**Task requirements**
Repeat the entries exactly, and do not carry the pictures over.

Top of Data in this exercise

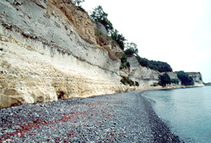 Picture - 1 The precipice of chalk Precipice in Stevns Klint in Denmark is white. Narrow seashore appears during an ebb tide. The reason that the land of chalk forms precipice all along the coast like the one in the picture is that chalk easily dissolves in water and thus susceptible to erosion. Erosion of the coastline is ongoing and it will continue in the future too. Since stones of the seashore are also chalk, they dissolve in water easily, thus keeping the size of the seashore narrow. |
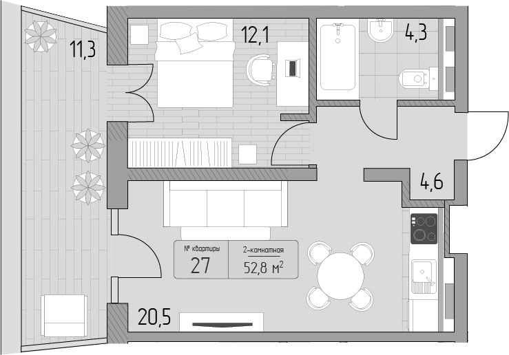 Квартира этаж 4, площадь 52.80 м2
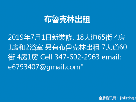 布魯克林出租 347-602-2963
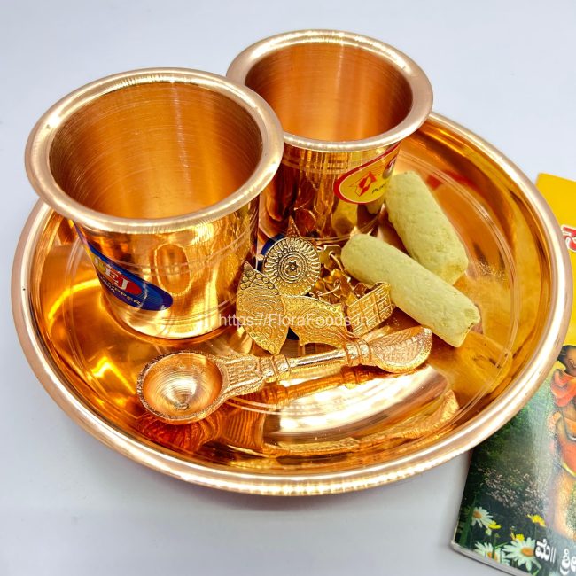 - Pancha Patra / Copper Tumbler (2) – Used for sacred water storage.
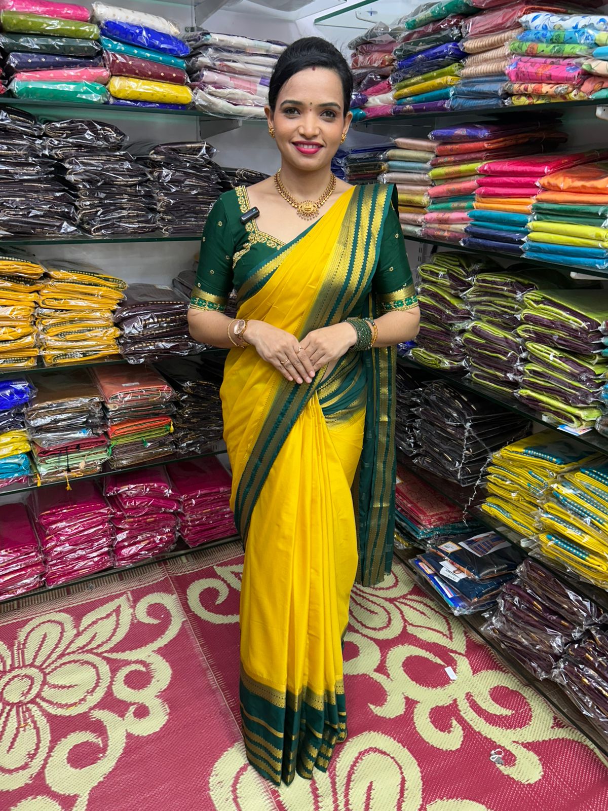 Product Description: Mysore Crepe Saree Big Bentex Border Contrast Running Blouse With Border
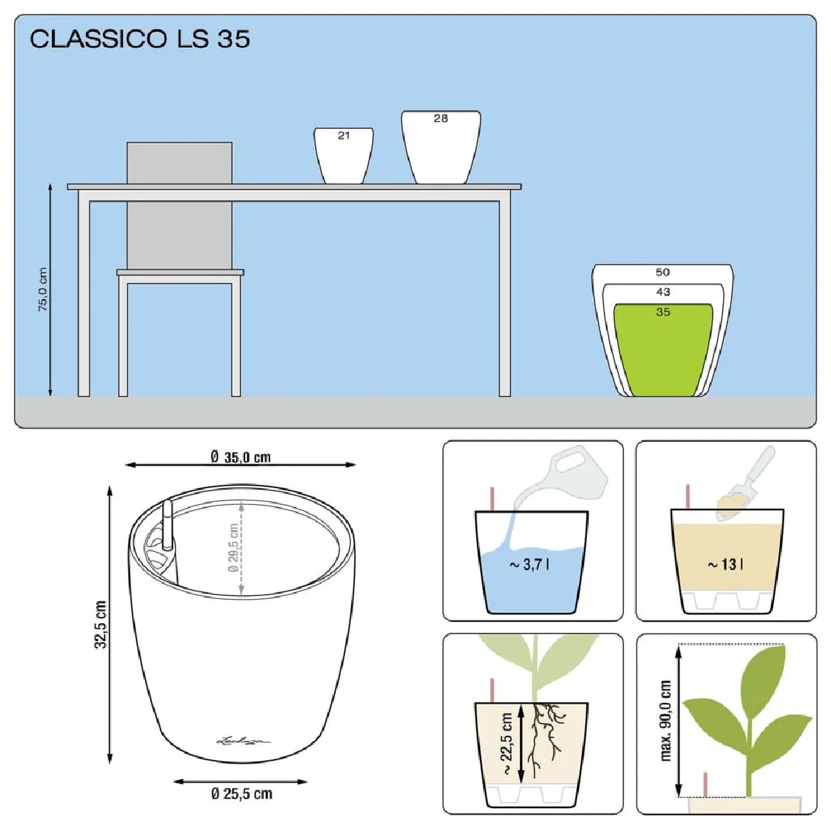La jardinière Classico 35 LS ALL-IN-ONE de la marque LECHUZA est une jardinière au design élégant et haut qui sera un élément d'affichage parfait pour n'importe quelle plante !
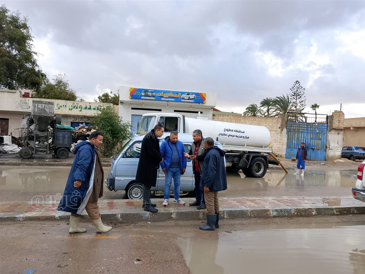 يأتي ذلك تنفيذا لتوجيهات اللواء خالد شعيب محافظ مطروح بسرعة التعامل مع تجمعات مياه الأمطار.
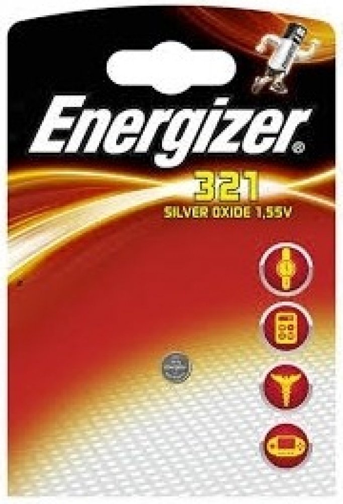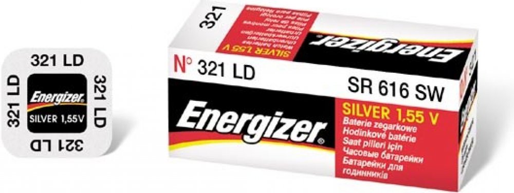 Stříbrozinková hodinková baterie 321 Energizer multi-drain.Napětí 1.55V.Ekvivalent baterií:SR616W,V321,D321,L616.Baterie neobsahují rtuť mají min.skladovatelnost 5let. V roce 1957 vyrobila společnost Energizer první baterii do hodinek.Záruka ochrany přístroje proti vytečenícena za 1 ks

Bottom of Data in this exercise

**Task result**
 Picture - 1 The precipice of chalk Precipice in Stevns Klint in Denmark is white. Narrow seashore appears during an ebb tide. The reason that the land of chalk forms precipice all along the coast like the one in the picture is that chalk easily dissolves in water and thus susceptible to erosion. Erosion of the coastline is ongoing and it will continue in the future too. Since stones of the seashore are also chalk, they dissolve in water easily, thus keeping the size of the seashore narrow. |
 Квартира этаж 4, площадь 52.80 м2
 布魯克林出租 347-602-2963
 - Pancha Patra / Copper Tumbler (2) – Used for sacred water storage.
 Product Description: Mysore Crepe Saree Big Bentex Border Contrast Running Blouse With Border
La jardinière Classico 35 LS ALL-IN-ONE de la marque LECHUZA est une jardinière au design élégant et haut qui sera un élément d'affichage parfait pour n'importe quelle plante !
 يأتي ذلك تنفيذا لتوجيهات اللواء خالد شعيب محافظ مطروح بسرعة التعامل مع تجمعات مياه الأمطار.
 Stříbrozinková hodinková baterie 321 Energizer multi-drain.Napětí 1.55V.Ekvivalent baterií:SR616W,V321,D321,L616.Baterie neobsahují rtuť mají min.skladovatelnost 5let. V roce 1957 vyrobila společnost Energizer první baterii do hodinek.Záruka ochrany přístroje proti vytečenícena za 1 ks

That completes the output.